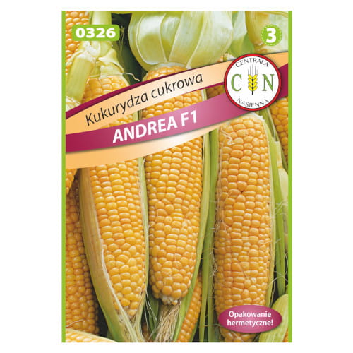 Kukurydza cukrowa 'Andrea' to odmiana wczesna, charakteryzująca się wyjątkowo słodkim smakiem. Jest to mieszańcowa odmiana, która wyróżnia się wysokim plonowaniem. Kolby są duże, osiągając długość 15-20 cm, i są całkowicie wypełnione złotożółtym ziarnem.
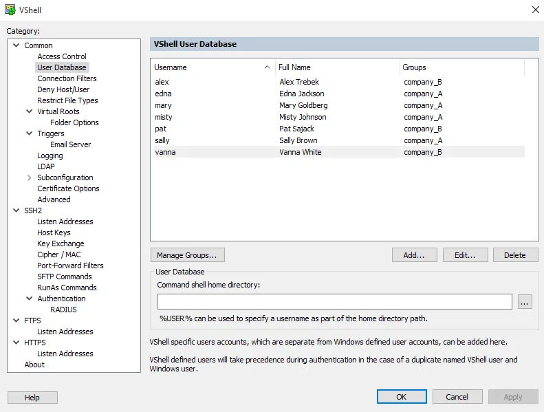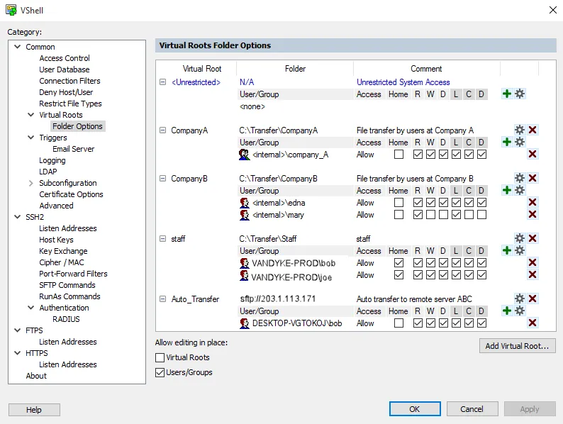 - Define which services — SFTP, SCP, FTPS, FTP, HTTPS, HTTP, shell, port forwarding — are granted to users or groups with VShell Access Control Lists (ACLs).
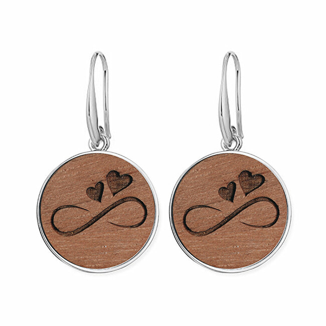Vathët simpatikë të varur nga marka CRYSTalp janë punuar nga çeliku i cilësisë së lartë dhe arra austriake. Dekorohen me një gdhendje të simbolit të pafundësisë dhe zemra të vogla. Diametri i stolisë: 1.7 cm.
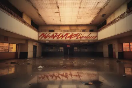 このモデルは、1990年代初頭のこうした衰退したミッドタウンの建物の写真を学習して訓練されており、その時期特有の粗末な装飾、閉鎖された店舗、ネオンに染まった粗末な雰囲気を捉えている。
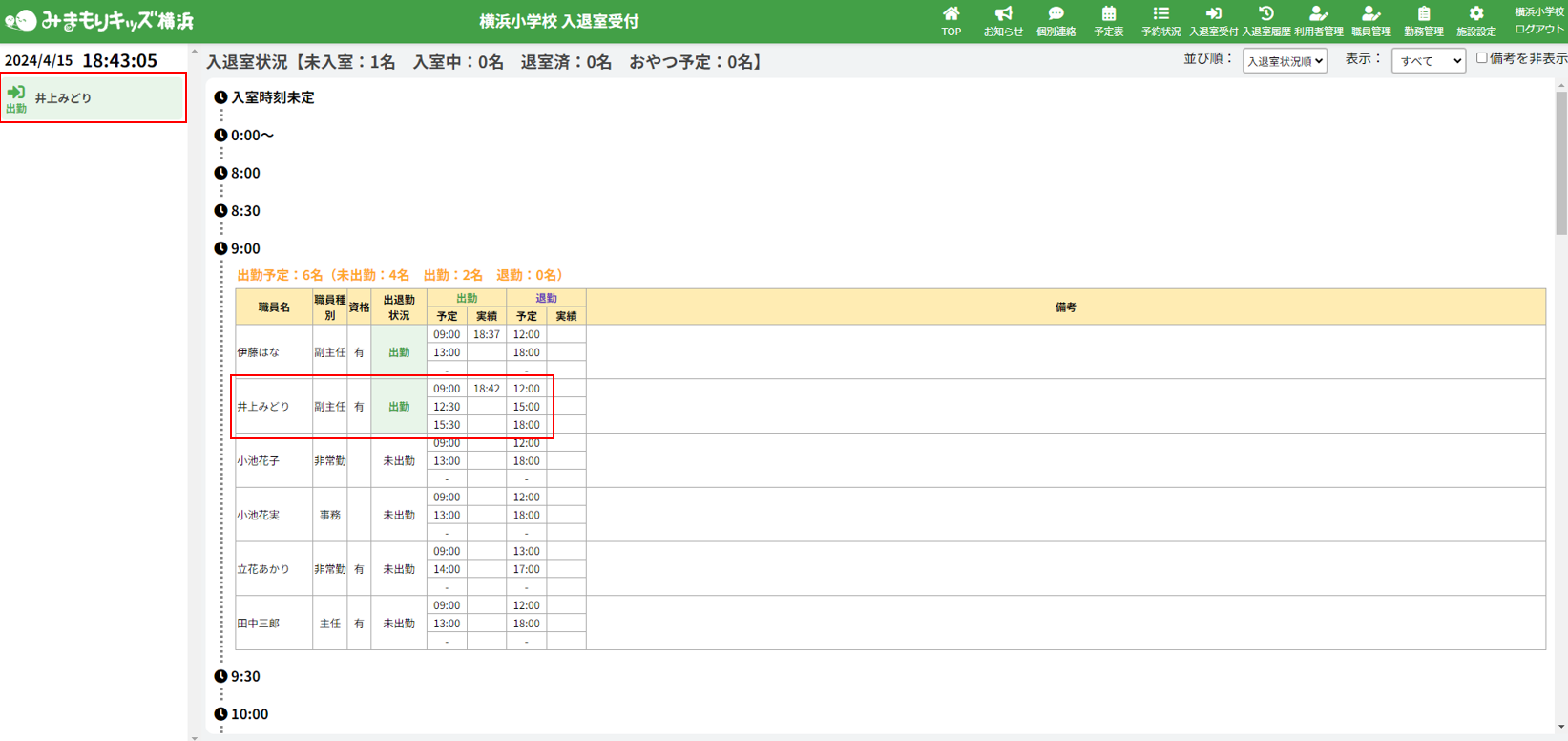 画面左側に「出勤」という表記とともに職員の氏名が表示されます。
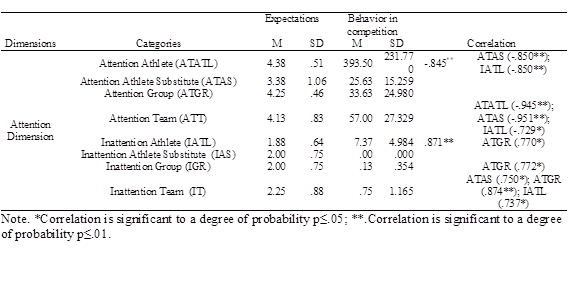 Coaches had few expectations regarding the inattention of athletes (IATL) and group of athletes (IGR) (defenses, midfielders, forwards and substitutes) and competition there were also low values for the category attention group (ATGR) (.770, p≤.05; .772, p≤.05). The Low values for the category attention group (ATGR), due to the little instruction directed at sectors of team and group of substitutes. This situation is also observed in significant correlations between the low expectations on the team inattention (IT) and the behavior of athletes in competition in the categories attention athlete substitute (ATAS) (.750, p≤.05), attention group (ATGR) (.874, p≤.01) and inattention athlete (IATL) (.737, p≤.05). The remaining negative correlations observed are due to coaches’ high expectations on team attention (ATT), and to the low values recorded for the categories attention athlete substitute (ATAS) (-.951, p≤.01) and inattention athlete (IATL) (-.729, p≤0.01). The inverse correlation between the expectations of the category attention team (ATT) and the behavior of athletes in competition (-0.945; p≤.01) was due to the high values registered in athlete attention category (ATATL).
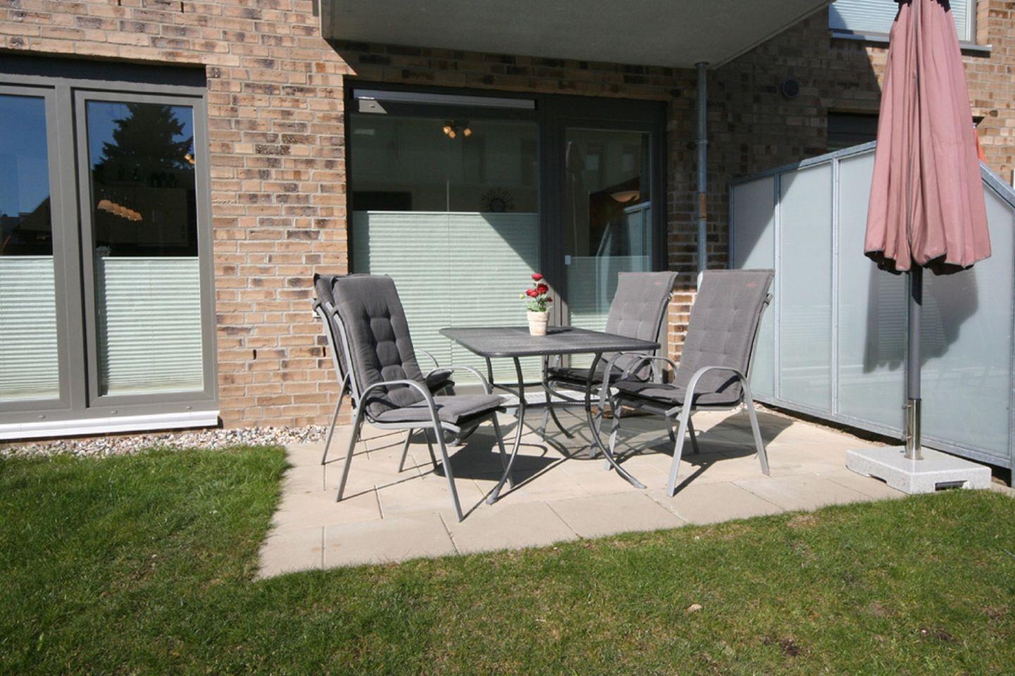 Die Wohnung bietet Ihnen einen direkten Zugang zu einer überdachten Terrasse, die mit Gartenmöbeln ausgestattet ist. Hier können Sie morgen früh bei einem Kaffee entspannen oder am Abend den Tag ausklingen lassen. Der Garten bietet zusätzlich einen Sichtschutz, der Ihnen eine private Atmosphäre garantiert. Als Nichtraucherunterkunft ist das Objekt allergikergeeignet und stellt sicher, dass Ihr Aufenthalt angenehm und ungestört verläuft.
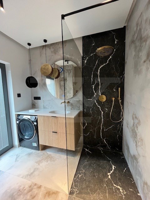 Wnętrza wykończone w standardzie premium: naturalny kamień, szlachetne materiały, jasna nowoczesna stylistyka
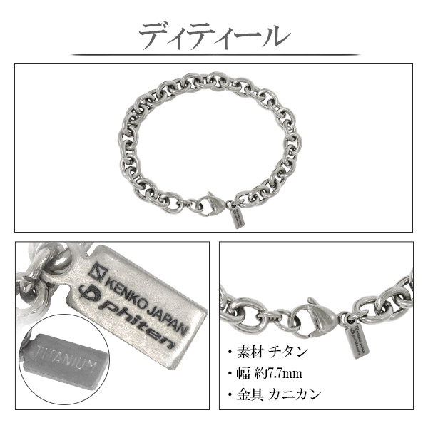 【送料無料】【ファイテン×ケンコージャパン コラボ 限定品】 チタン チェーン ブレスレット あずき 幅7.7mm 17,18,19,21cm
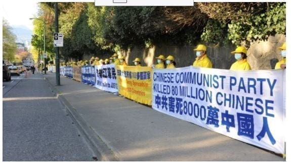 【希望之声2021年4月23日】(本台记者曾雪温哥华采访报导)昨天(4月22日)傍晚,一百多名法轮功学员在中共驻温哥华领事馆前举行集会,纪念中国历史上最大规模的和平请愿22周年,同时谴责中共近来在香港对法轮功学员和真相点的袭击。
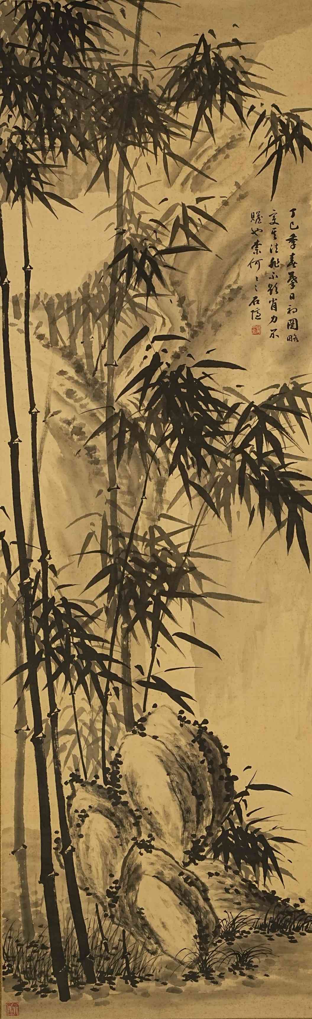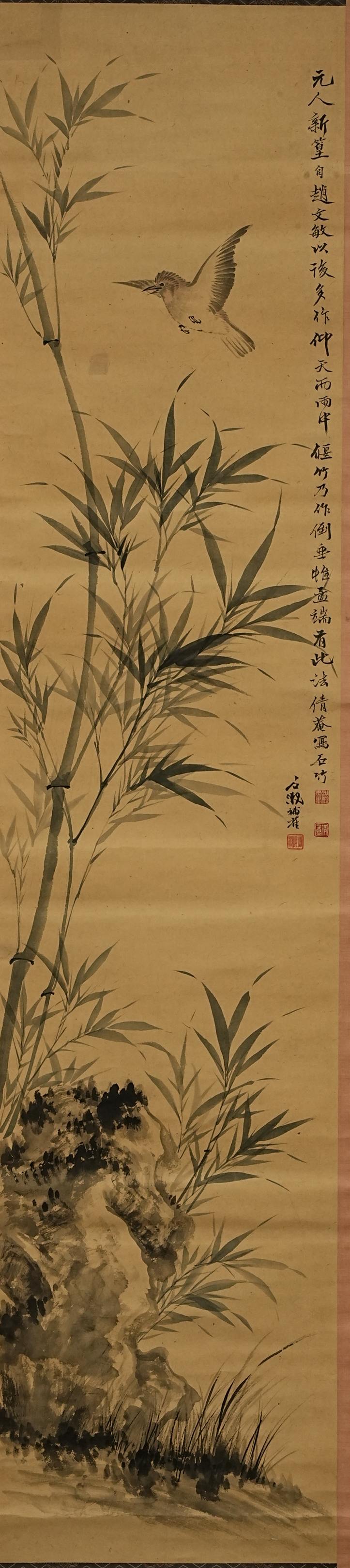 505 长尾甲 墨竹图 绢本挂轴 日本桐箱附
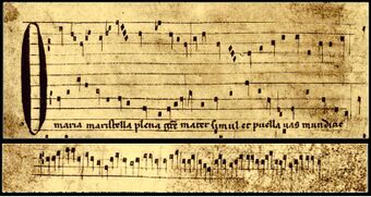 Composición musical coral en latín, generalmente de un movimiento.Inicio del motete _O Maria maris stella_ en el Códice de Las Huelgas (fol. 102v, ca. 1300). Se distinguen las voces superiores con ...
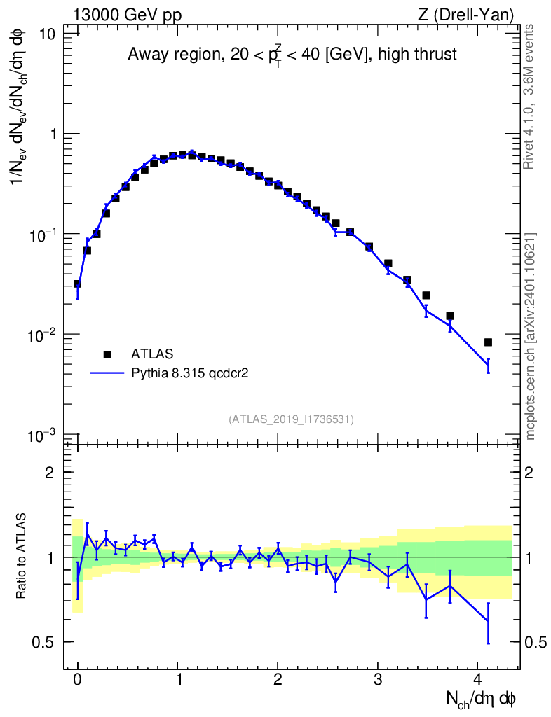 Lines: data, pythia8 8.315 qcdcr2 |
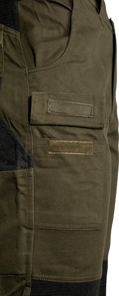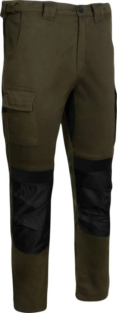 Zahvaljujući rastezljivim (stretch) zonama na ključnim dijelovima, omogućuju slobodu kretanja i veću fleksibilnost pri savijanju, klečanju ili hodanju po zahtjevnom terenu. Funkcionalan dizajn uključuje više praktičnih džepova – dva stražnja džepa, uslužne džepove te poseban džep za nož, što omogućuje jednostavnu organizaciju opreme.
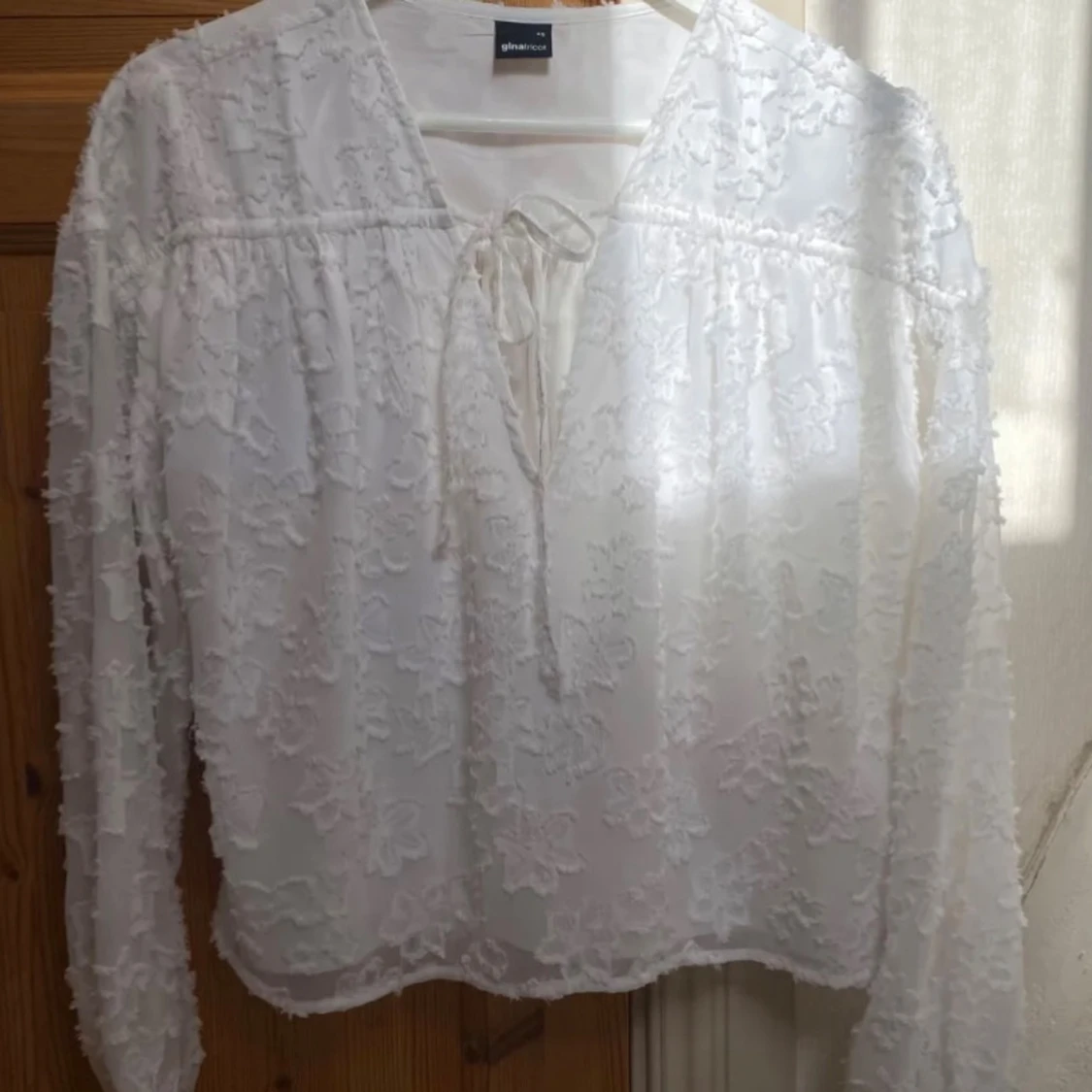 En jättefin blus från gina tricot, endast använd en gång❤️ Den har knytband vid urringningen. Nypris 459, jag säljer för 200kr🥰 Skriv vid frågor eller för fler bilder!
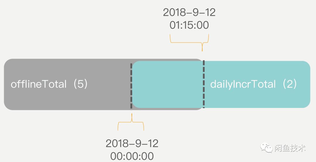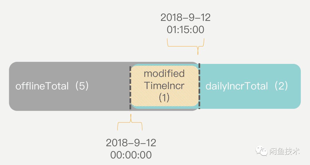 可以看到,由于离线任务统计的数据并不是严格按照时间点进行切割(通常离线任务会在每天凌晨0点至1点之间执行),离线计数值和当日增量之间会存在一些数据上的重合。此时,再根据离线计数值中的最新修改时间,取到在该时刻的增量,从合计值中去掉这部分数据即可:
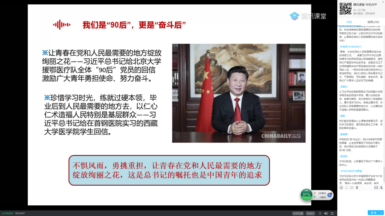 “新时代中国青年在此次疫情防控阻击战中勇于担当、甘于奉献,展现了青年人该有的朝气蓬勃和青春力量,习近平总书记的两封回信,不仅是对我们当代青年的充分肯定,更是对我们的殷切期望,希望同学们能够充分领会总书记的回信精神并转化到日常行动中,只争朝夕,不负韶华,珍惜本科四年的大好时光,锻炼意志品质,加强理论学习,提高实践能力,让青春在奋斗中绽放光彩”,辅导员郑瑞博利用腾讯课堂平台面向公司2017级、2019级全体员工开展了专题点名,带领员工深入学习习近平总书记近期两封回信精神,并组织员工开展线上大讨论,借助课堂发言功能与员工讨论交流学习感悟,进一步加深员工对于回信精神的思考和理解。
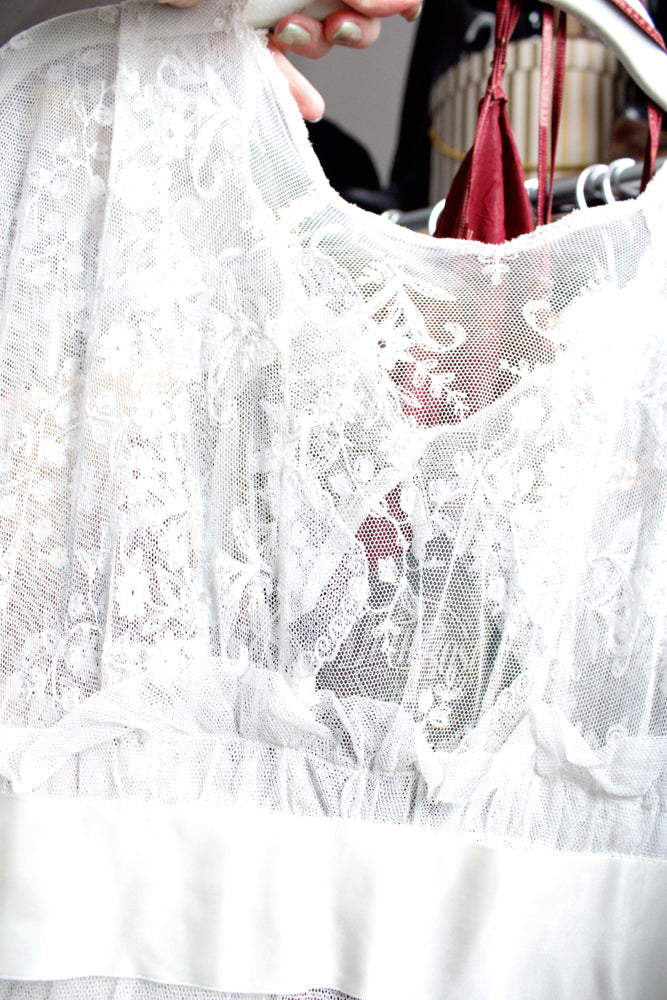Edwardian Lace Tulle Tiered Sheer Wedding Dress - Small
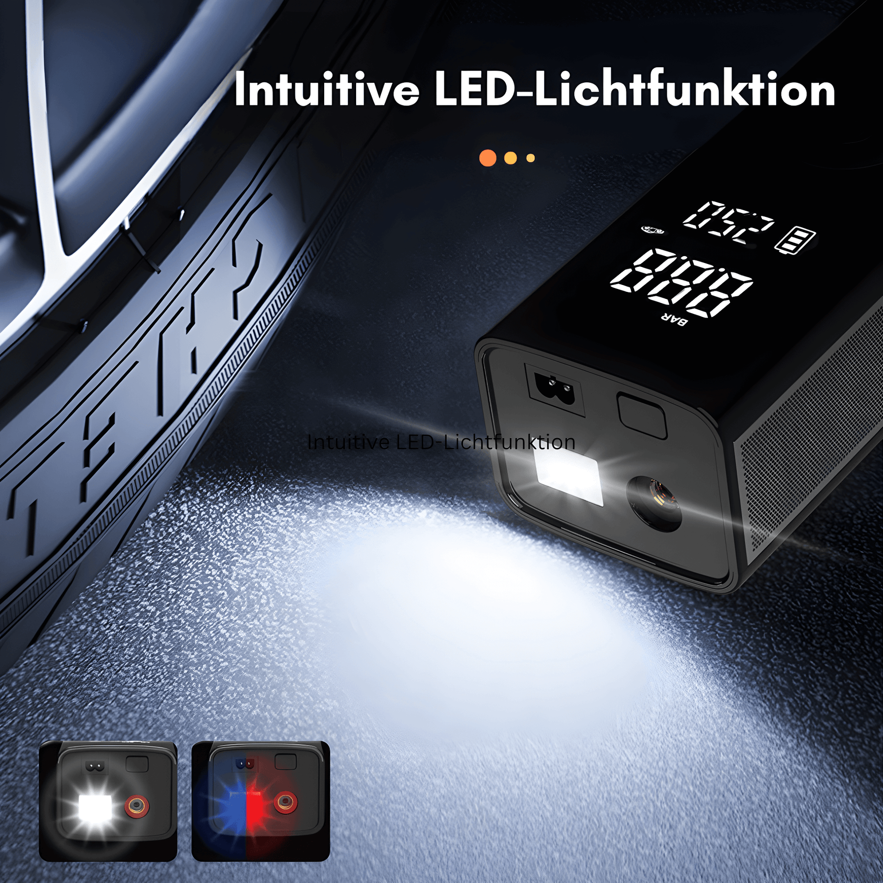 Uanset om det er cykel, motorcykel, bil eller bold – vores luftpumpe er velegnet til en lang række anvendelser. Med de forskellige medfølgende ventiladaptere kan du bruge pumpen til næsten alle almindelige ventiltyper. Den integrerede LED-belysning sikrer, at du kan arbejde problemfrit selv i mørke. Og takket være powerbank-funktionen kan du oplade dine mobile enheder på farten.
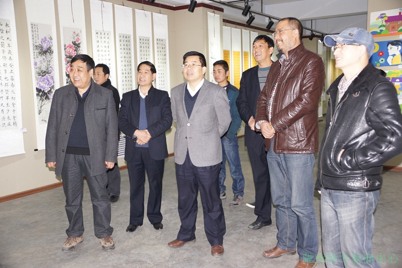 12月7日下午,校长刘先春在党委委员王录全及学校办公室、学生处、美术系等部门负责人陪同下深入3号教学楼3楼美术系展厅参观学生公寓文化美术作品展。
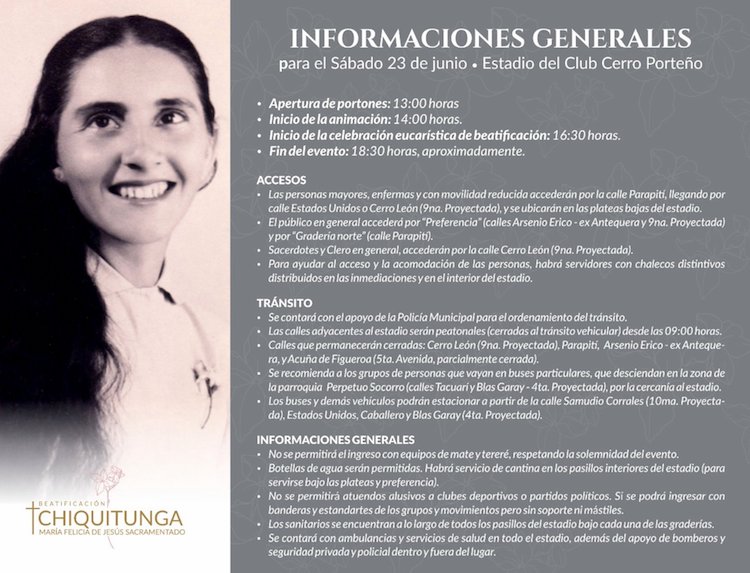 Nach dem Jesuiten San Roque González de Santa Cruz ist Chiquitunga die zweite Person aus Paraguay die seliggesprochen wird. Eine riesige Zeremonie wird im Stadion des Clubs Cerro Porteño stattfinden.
──────────
» Task directions: Taking the material above, give again exactly the lines from the one holding "Die Wohnung bietet" through the one holding "Lines: data, pythia8 8.315 qcdcr2 |", with both ends and without pictures.

» Result of the task:
 Die Wohnung bietet Ihnen einen direkten Zugang zu einer überdachten Terrasse, die mit Gartenmöbeln ausgestattet ist. Hier können Sie morgen früh bei einem Kaffee entspannen oder am Abend den Tag ausklingen lassen. Der Garten bietet zusätzlich einen Sichtschutz, der Ihnen eine private Atmosphäre garantiert. Als Nichtraucherunterkunft ist das Objekt allergikergeeignet und stellt sicher, dass Ihr Aufenthalt angenehm und ungestört verläuft.
 Wnętrza wykończone w standardzie premium: naturalny kamień, szlachetne materiały, jasna nowoczesna stylistyka
 【送料無料】【ファイテン×ケンコージャパン コラボ 限定品】 チタン チェーン ブレスレット あずき 幅7.7mm 17,18,19,21cm
 【希望之声2021年4月23日】(本台记者曾雪温哥华采访报导)昨天(4月22日)傍晚,一百多名法轮功学员在中共驻温哥华领事馆前举行集会,纪念中国历史上最大规模的和平请愿22周年,同时谴责中共近来在香港对法轮功学员和真相点的袭击。
 505 长尾甲 墨竹图 绢本挂轴 日本桐箱附
 Composición musical coral en latín, generalmente de un movimiento.Inicio del motete _O Maria maris stella_ en el Códice de Las Huelgas (fol. 102v, ca. 1300). Se distinguen las voces superiores con ...
 Lines: data, pythia8 8.315 qcdcr2 |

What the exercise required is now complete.